Esker was absent at the hearing. Her lawyers appealed again. But in May 1992, the 3rd District Court of Appeals upheld her conviction. The Leader-Telegram reported, “In her appeal for a new trial, Lori Esker alleged two of her confessions were involuntary and inadmissible ‘because the authorities used fundamentally unfair and psychologically coercive tactics and strategies,’ according to appellate court records. She again argued her due process rights were violated because the jury instructions were confusing and misleading.”
The court concluded that Esker’s confessions were “voluntary, and the jury instructions were not reasonably likely to confuse or mislead the jury.” The court also ruled that “tactics were not fundamentally unfair or so coercive as to exceed Esker’s will.”
Cihaski’s family filed a wrongful death suit against Esker so she would not profit from the killing. Esker and her legal team had received book, film, and television offers and paid interview requests from journalists.

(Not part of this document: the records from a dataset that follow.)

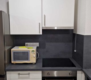 A louer joli F2 composé d'un salon cuisine en un avec bar, une salle de bains avec baignoire, un wc séparé et une chambre à coucher. Il y a les éléments de cuisine avec four et pla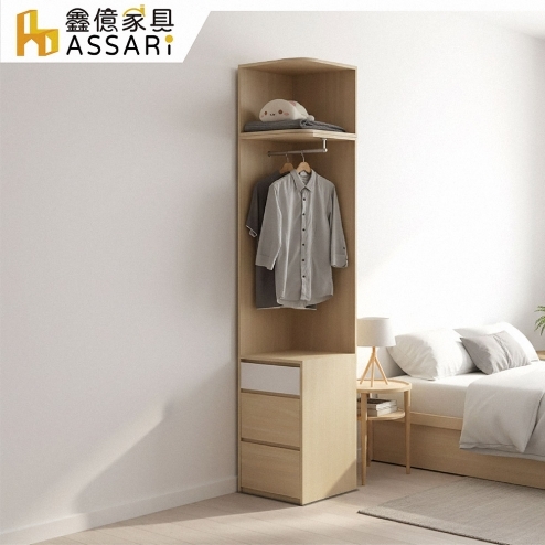 夏莉1.5尺三抽開放轉角櫃(寬45x深54x高203cm)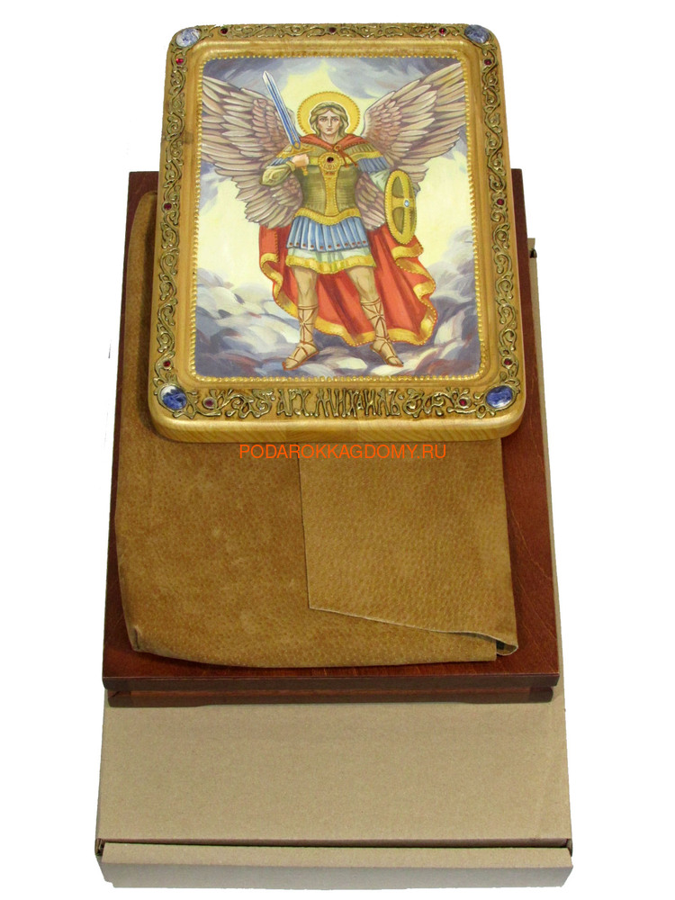 Рукописная икона Архангел Михаил в живописном стиле (07402) написанная на натуральной деревянной доске, изготовленной из массива сакрального кипариса с выборкой двойного ковчега. Для оформления образа использованы специальные грунты и выравнивающие лаки. Венец и поля украшены вручную в стилистике русского орнамента, с дополнением натурального содолита и фианитов.
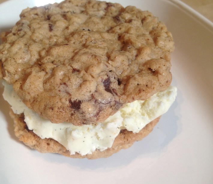 Hello cookie, meet ice-cream. Such a simple collaboration, yet from it comes a wonderful result. This is a self-explanatory recipe, all you need are the two components. As for the flavors? That’s one not-so-simple collaboration for you to decide! (In this instance, I used my oatmeal raisin chocolate cookies and white chocolate vanilla bean ice-cream.)
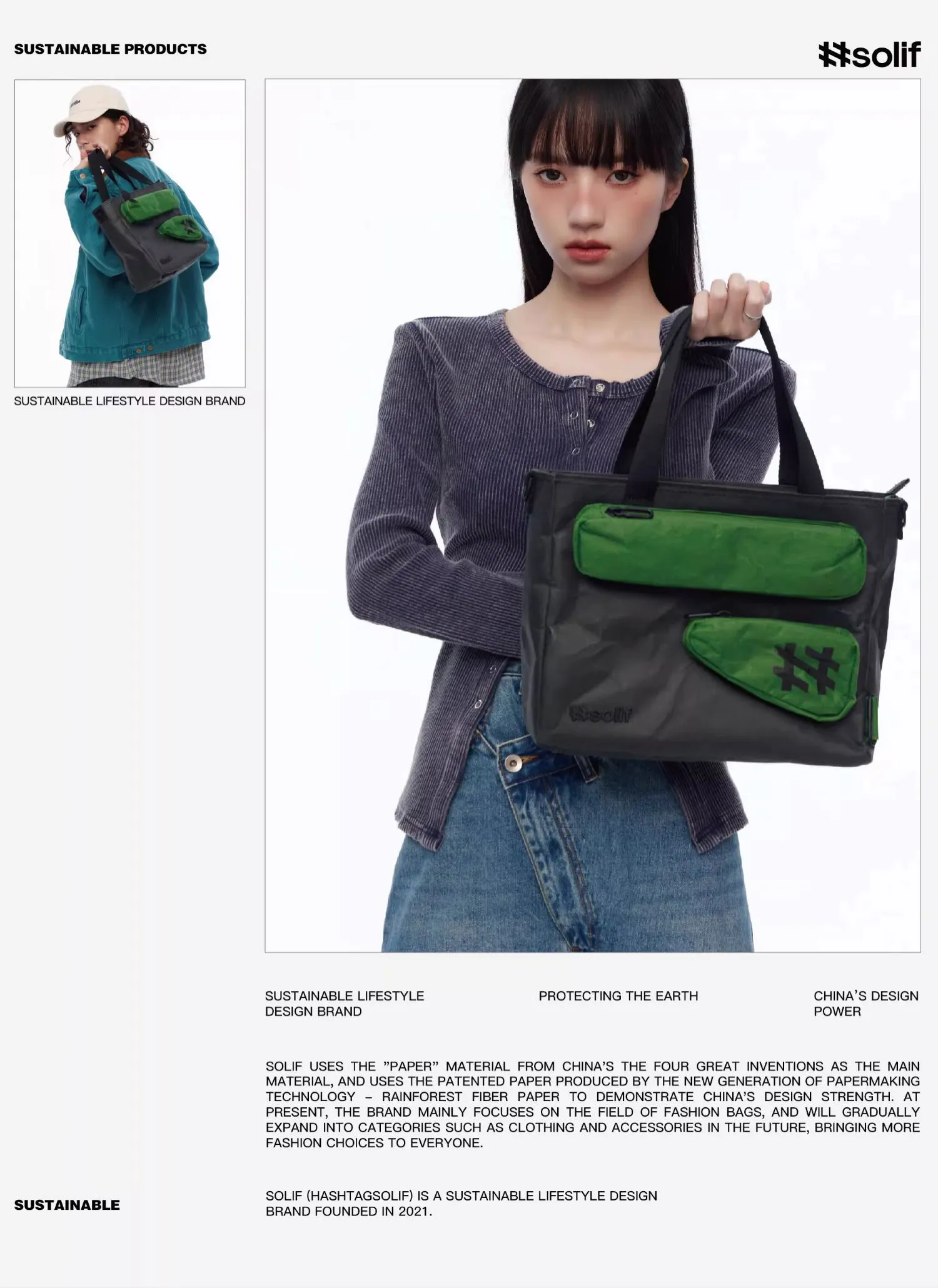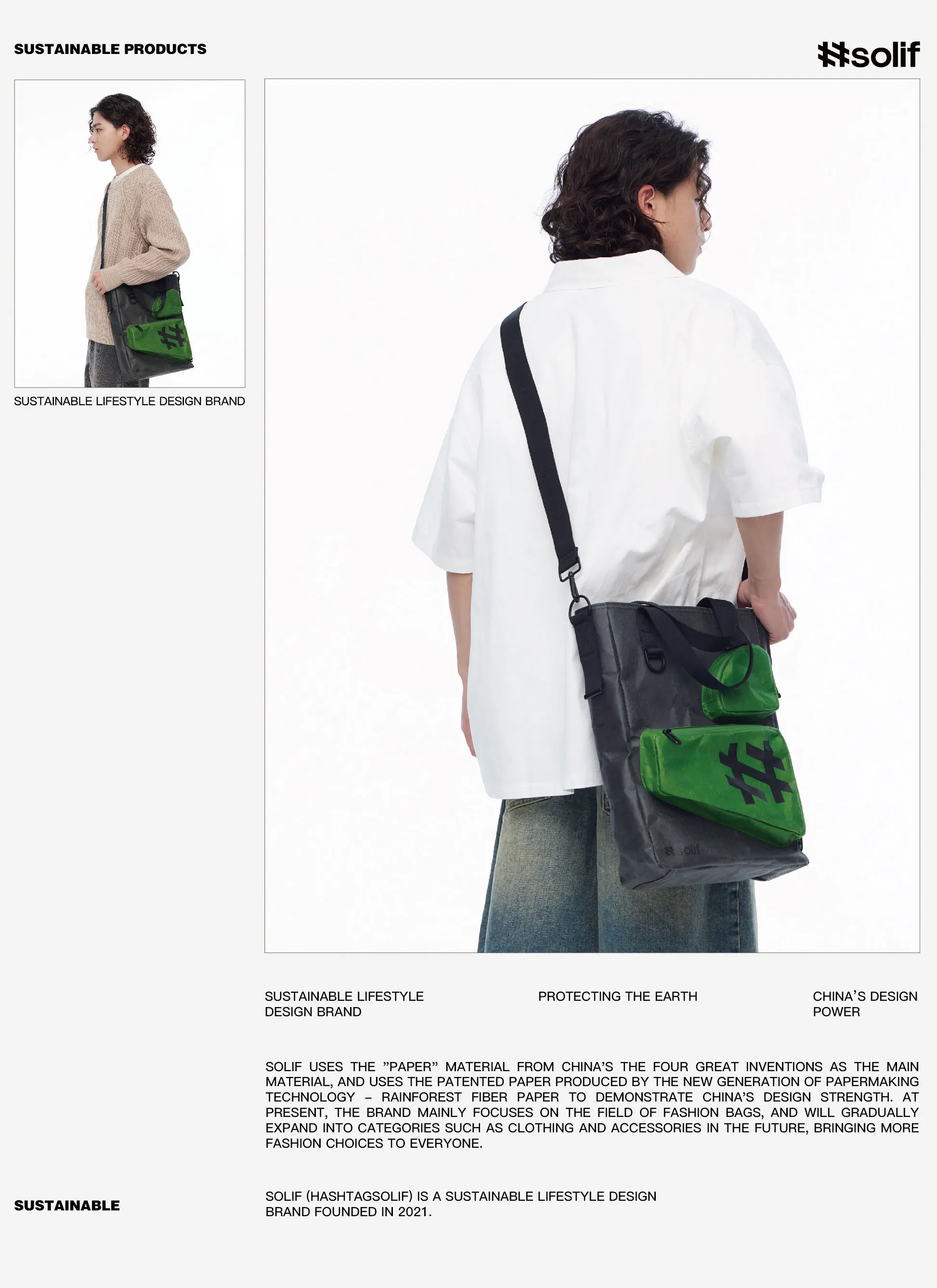地球や環境に悪影響を与える素材の代わりに、持続可能な方法でライフスタイルの美学から生まれた「##Solif(ハッシュタグソリフ)」は、エコフレンドリーでかつファッショナブルな方法で地域を癒す理念に基づいたのバッグブランドです。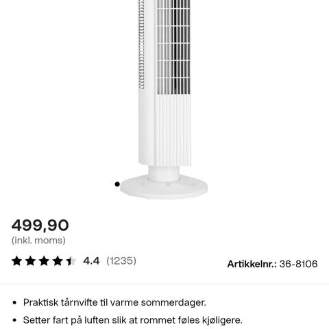 Pemt brukt tårnvifte selges. Selges da vi ikke har bruk for den lenger. Følger egentlig med fjernkontroll, men usikker på hvor den er i skrivende stund.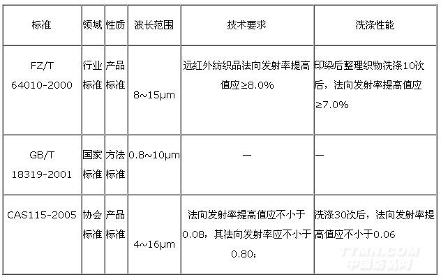 目前關(guān)于遠(yuǎn)紅外紡織品功能測(cè)試標(biāo)準(zhǔn)主要有國(guó)家標(biāo)準(zhǔn)GB/T 18319—2001《紡織品紅外蓄熱保暖性的試驗(yàn)方法》、紡織行業(yè)標(biāo)準(zhǔn)FZ/T 64010—2000《遠(yuǎn)紅外紡織品》、中國(guó)標(biāo)準(zhǔn)化協(xié)會(huì)標(biāo)準(zhǔn)CAS 115—2005《保健功能紡織品》。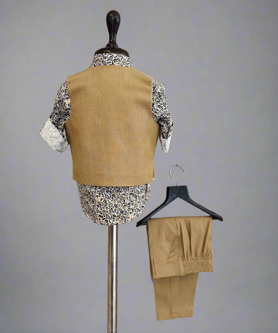 • Description: This wedding dress for a small boy consists of a self-textured waistcoat, matching pants and a self-printed shirt.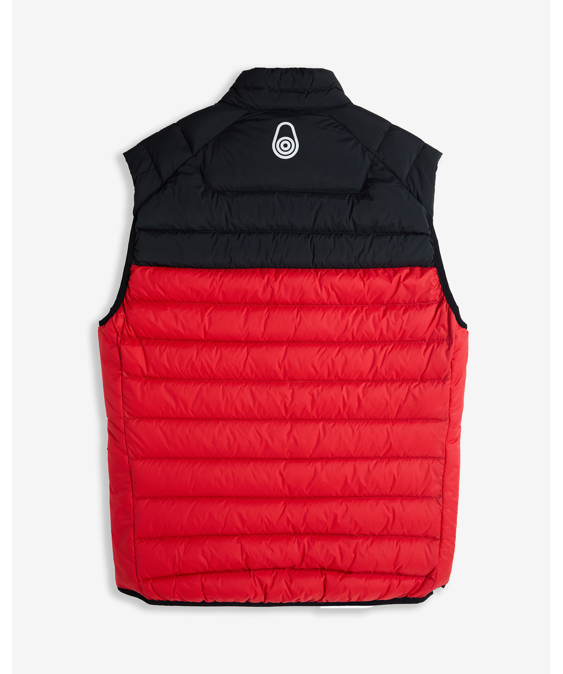 Röd och svart, vind- och vattenavvisande dunväst från Sail Racing. Logotyp tryckt på bröstet och i nacken, två fleecefodrade framfickor med dragkedja och en innerficka. Stängs med dragkedja fram. Konstruerad i ett lättviktstyg av återvunnen nylon och insida i Graphene-tyg som optimerar temperaturreglering. Västen har en PFC-fri DWR-behandling för att förhindra att tyget blir blött och är fylld med 90/10 Blue Sign och RDS certifierat dun och fjädrar. Fillpower 700. Sidopanelerna konstruerade i stretch för bättre flexibilitet och fyllda med Primaloft® Black Eco för optimerad värmeförmåga och funktion.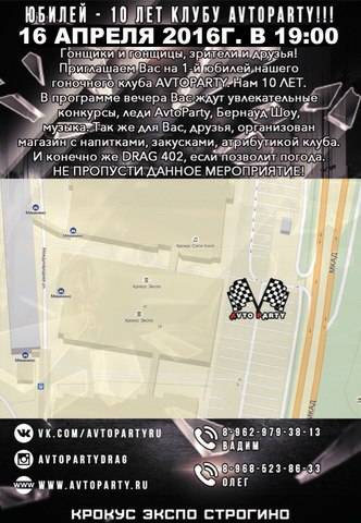 Москва - приглашаем желающих на праздник: Открытие сезона Avtoparty 16.04.2016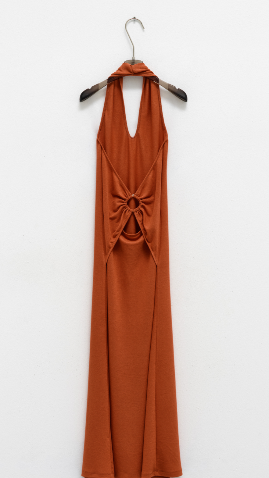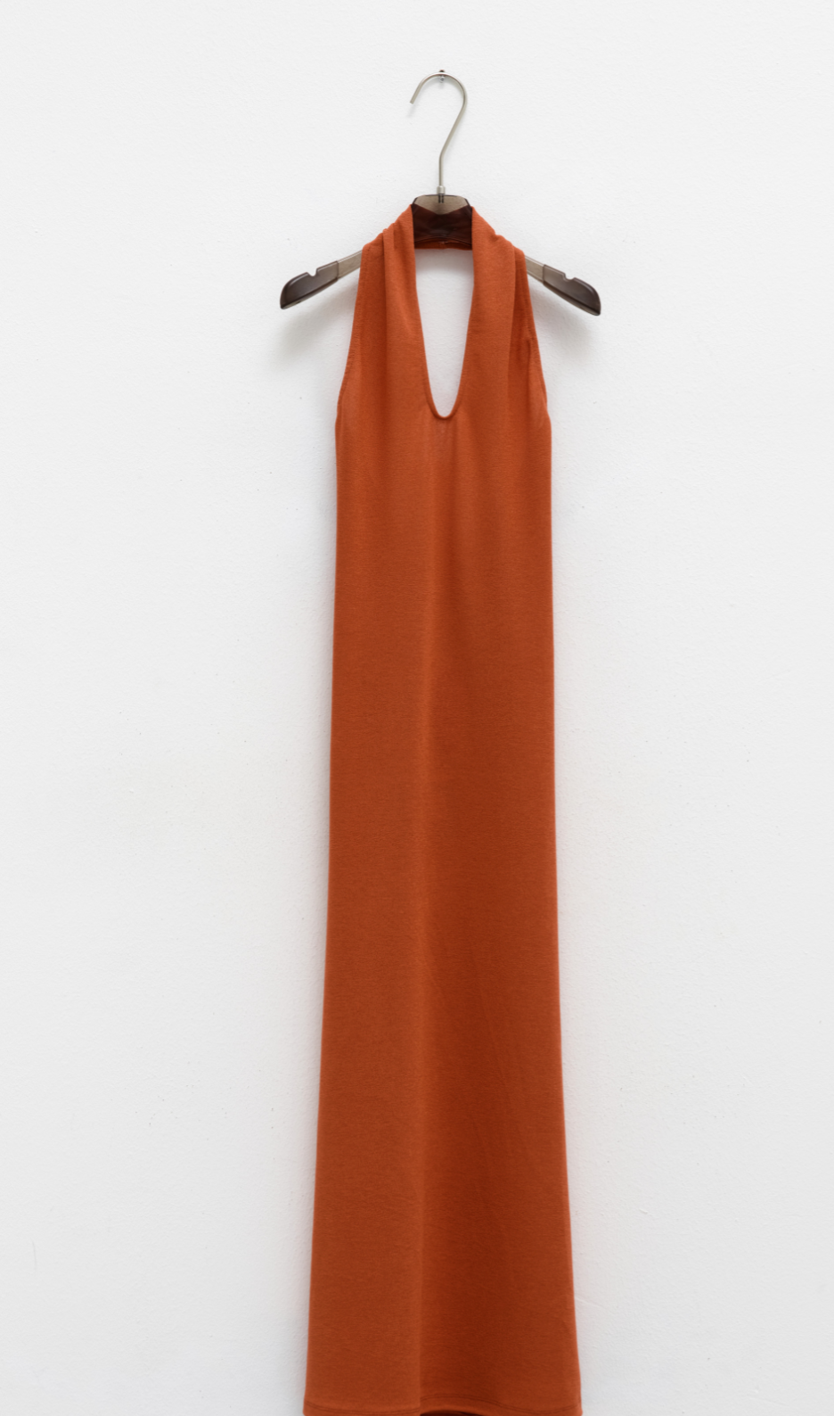Abito LUMINA lungo con scollo halter. Presenta apertura sul retro. Vestibilità morbida.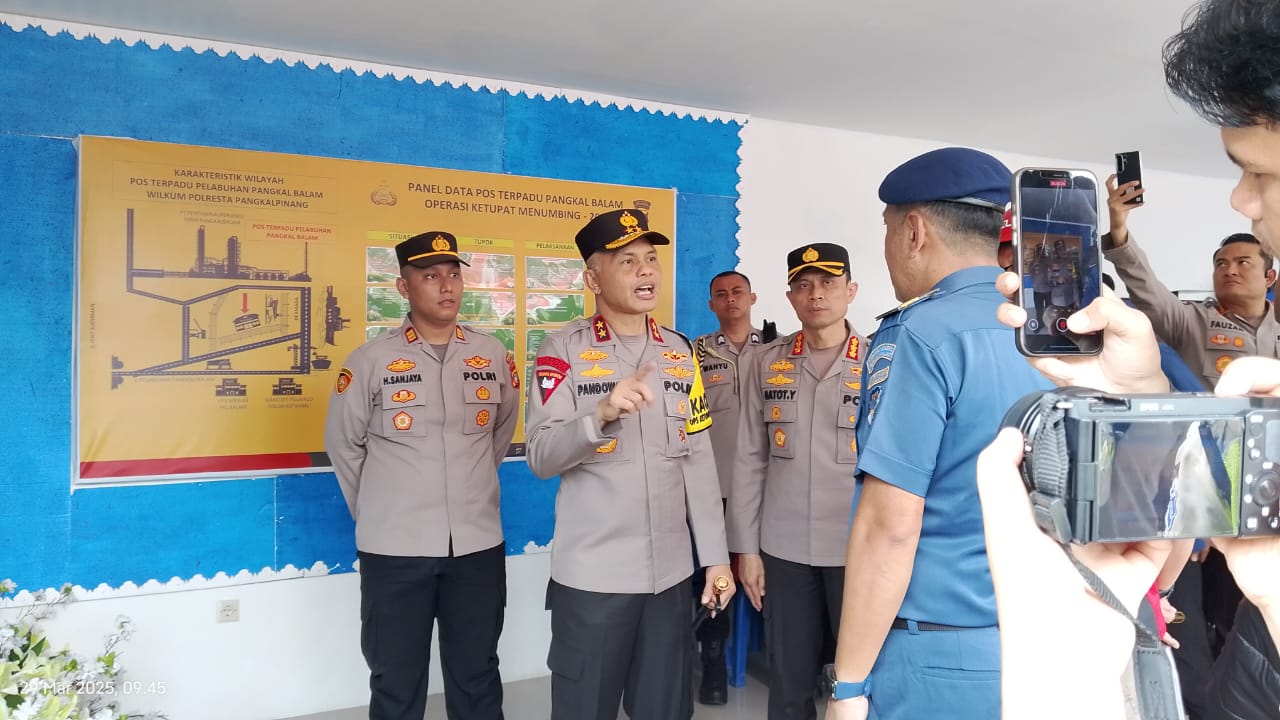 PANGKALPINANG – Kapolda Kepulauan Bangka Belitung, Irjen Pol Hendro Pandowo, melakukan pengecekan langsung ke Pos Pelayanan yang ada di Bandara dan Pelabuhan di Pangkalpinang, Sabtu (29/3/25).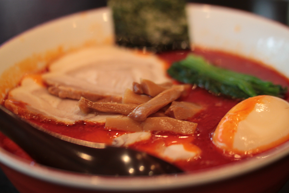 久しぶりに行って来ました。百歩の「赤百歩」。養生スープが独特の真っ赤になったものですが、見た目ほど強烈に辛いというわけではありません(個人差あり)。スープはもちろん麺も、そしてトッピングするチャーシューに味玉まで、ひとつひとつの素材もその調和も絶妙です。昼時さえ外せば最近は並ばずに食べらることも多そうです。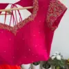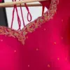 Product Name: Radiant Red Layered Chiffon Lehenga – Hot Pink Hand-Embroidered Cut-Out Blouse & Ombre Dupatta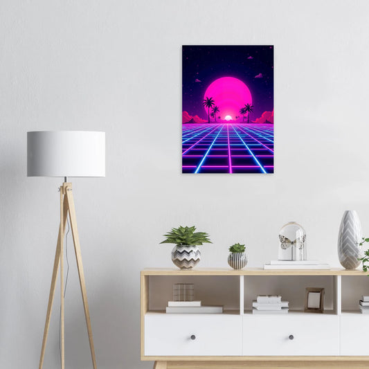 Neon Raster Zonsondergang: Retro Palm Paradijs

Judge Michael Hoover signed the wrongful death judgment in an out-of-court settlement in early August 1992, which allowed Cihaski’s family access to Esker’s assets, and ordered Esker to pay $350,000 to the Cihaski family.
According to the Wausau Daily Herald, “A 1970s Wisconsin law — dubbed the Son of Sam law — prevents someone convicted of first-degree intentional homicide from profiting from the crime.” Instead, any money Esker could have earned would be paid to a state-run trust fund. The law was named after serial killer David Berkowitz, aka Son of Sam, who had profited from book and movie deals.
In 1995, an NBC Movie called “Beauty’s Revenge,” starring “Melrose Place” star Courtney Thorne-Smith and “Growing Pains” actress Tracey Gold, was loosely based on Cihaski’s killing.
Wausau developer Ghidorzi Cos demolished the Howard Johnson Motor Lodge a few years ago to make room for the Hilton Garden Inn hotel. You can click here to see pictures of the motel.
In July 2019, nearly 30 years after killing Cihaski, Esker was released from prison. Her whereabouts are unknown, but she likely returned to the Esker farm in Hatley. Esker has never shown any remorse for killing Cihaski, and her parents sat stone-faced in the courtroom throughout her trial.
Buss found love again and married Linda Gritzmacher in May 1993. They have two sons. However, the couple divorced in recent years. Buss still lives in the Eland area.
Tammy Cihaski married David Fischer in 1994, and they reside in the Birnamwood area, as does Shirley Cihaski. Vilas Cihaski died in 2016.